Signed Integers

The natural numbers (the non-negative integers) are abstractions of the additive combinations of units. The number 10 is an abstraction of the set of all sets of that number of units. (This definition is similar to that given by Bertrand Russell).

In the consideration of the rational foundations of Mathematics, one of the first concepts which is a cause of concern is that of the “negative numbers”. As conventionally presented, negative numbers have no grounding in Reality. One can not have -3 cows in a field. There is either some natural number of cows present, or no cows at all. (I am deferring the concept of zero for a future discussion).

However, there are valid interpretations for the negative number notation. Consider the concept of electric charge, and assume, for the moment, the existence of unit quantities of “positive” and “negative” charge. To measure the “total charge” of a body, we count the number of positive charge units and subtract the number of negative charge units. Invoking the concept of negative numbers, we then obtain the total as a positive or negative integer. The proper interpretation of this total is the positive number of non-cancelling units of positive or negative charge. Note that the number of units in the total is always positive, and it is the nature of the unit which changes as the sign of the integral total is changed.

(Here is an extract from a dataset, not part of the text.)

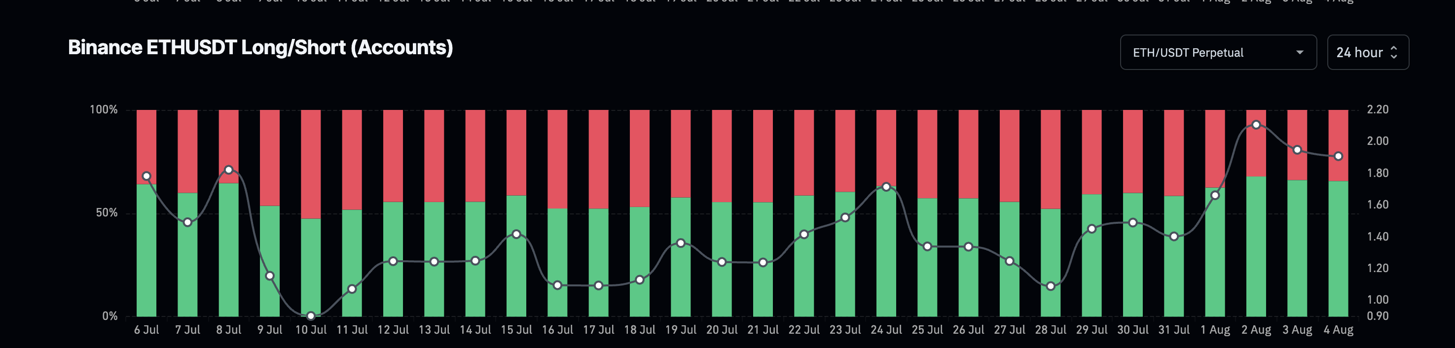 Kahit na may sideways action at madalas na dips, hindi pa rin nagiging bearish ang mga trader. Ayon sa long-short account ratio ng Binance, nasa 1.91 ang metric ng Ethereum, ibig sabihin halos doble ang dami ng long accounts kumpara sa short ones.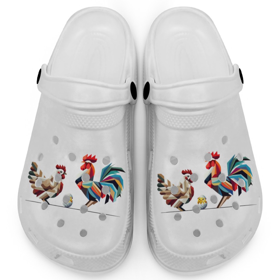 Rooster, Hen, and Chick – Geometric Easter Motif Clogs

For clarity, lets try a second example. Determining the value of financial assets, we count the number of units of wealth, and subtract the number of units of debt. Both the number of wealth units and the number of debt units are positive values. These units cancel one another, and the total value is then the (positive) number of non-cancelling units. The sign of the total is set based upon whether the excess units are of wealth or debt.

The use of signed integers represents the combination of dissimilar units in arithmetic. The units represented must be of equivalent magnitude and exactly opposite meaning. This implies that any of the classes being combined in an arithmetic summation or subtraction, whose result will be a signed integer, must be subclasses of a class of entities measurable with a unit whose magnitude is common to the subclass units. The sign of the result is set based upon which of the opposing units is in excess within the total.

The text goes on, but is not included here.